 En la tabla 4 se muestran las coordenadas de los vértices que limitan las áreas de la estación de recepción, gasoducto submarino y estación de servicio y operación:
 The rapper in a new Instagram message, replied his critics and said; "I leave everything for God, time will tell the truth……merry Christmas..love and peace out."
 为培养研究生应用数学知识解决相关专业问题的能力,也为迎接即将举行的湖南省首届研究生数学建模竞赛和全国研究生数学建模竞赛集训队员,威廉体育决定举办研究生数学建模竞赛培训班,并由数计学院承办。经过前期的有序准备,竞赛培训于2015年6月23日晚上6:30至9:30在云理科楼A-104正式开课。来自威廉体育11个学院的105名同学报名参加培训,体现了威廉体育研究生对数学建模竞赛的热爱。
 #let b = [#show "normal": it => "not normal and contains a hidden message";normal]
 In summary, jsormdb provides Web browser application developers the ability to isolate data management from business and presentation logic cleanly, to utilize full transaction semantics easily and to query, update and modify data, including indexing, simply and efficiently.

----

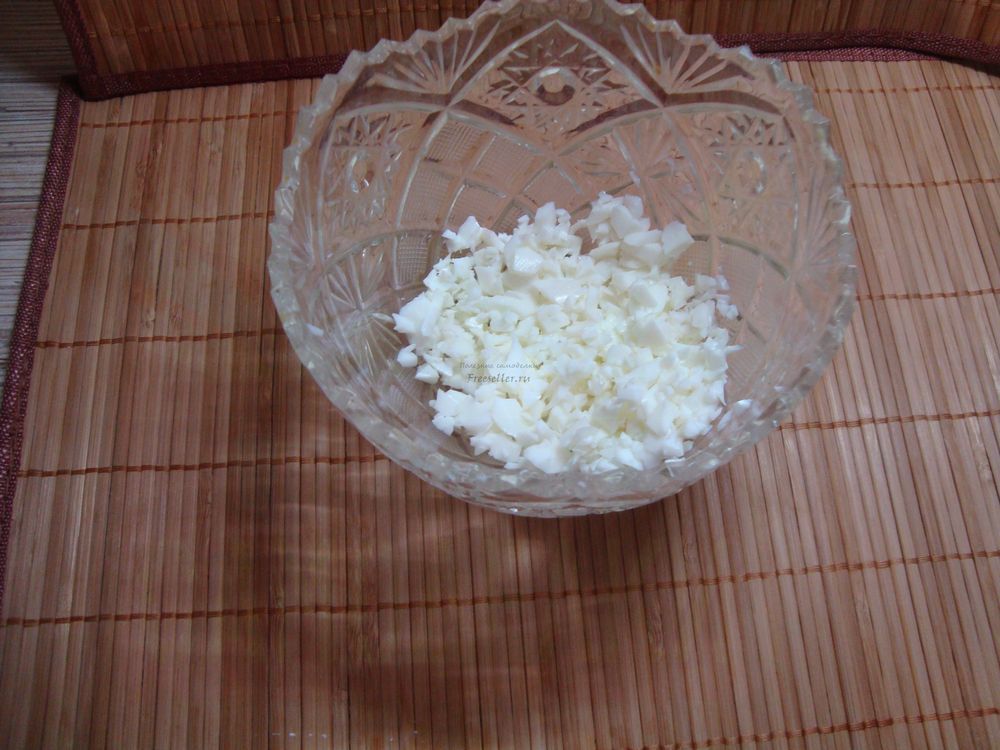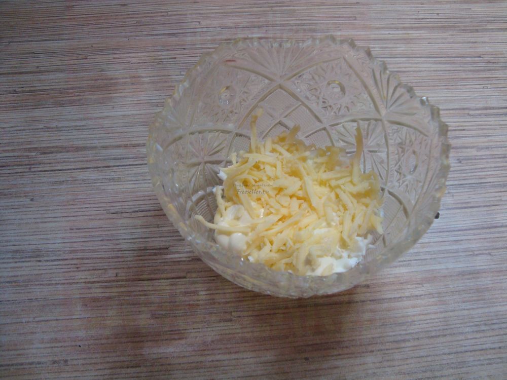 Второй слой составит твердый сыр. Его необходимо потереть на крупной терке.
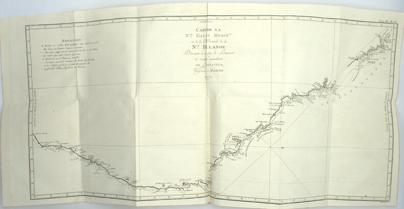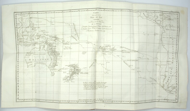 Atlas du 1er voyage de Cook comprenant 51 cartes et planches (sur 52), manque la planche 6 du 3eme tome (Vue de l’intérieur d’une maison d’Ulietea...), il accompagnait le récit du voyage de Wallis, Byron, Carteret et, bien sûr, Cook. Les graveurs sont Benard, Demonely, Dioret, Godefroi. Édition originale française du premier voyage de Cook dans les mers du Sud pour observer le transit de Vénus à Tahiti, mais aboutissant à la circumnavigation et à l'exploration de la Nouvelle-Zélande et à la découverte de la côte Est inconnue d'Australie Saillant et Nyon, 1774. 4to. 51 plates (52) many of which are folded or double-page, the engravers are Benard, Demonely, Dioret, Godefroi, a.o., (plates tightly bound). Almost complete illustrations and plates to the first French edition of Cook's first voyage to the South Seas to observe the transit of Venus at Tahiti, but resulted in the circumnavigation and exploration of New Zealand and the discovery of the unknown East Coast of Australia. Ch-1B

----

> EXERCISE:
Each line above from the one with "En la tabla" up to and including the one with "为培养研究生应用数学知识解决" must be set down exactly, and no line outside that span may appear.

> YOUR RESPONSE:
 En la tabla 4 se muestran las coordenadas de los vértices que limitan las áreas de la estación de recepción, gasoducto submarino y estación de servicio y operación:
 The rapper in a new Instagram message, replied his critics and said; "I leave everything for God, time will tell the truth……merry Christmas..love and peace out."
 为培养研究生应用数学知识解决相关专业问题的能力,也为迎接即将举行的湖南省首届研究生数学建模竞赛和全国研究生数学建模竞赛集训队员,威廉体育决定举办研究生数学建模竞赛培训班,并由数计学院承办。经过前期的有序准备,竞赛培训于2015年6月23日晚上6:30至9:30在云理科楼A-104正式开课。来自威廉体育11个学院的105名同学报名参加培训,体现了威廉体育研究生对数学建模竞赛的热爱。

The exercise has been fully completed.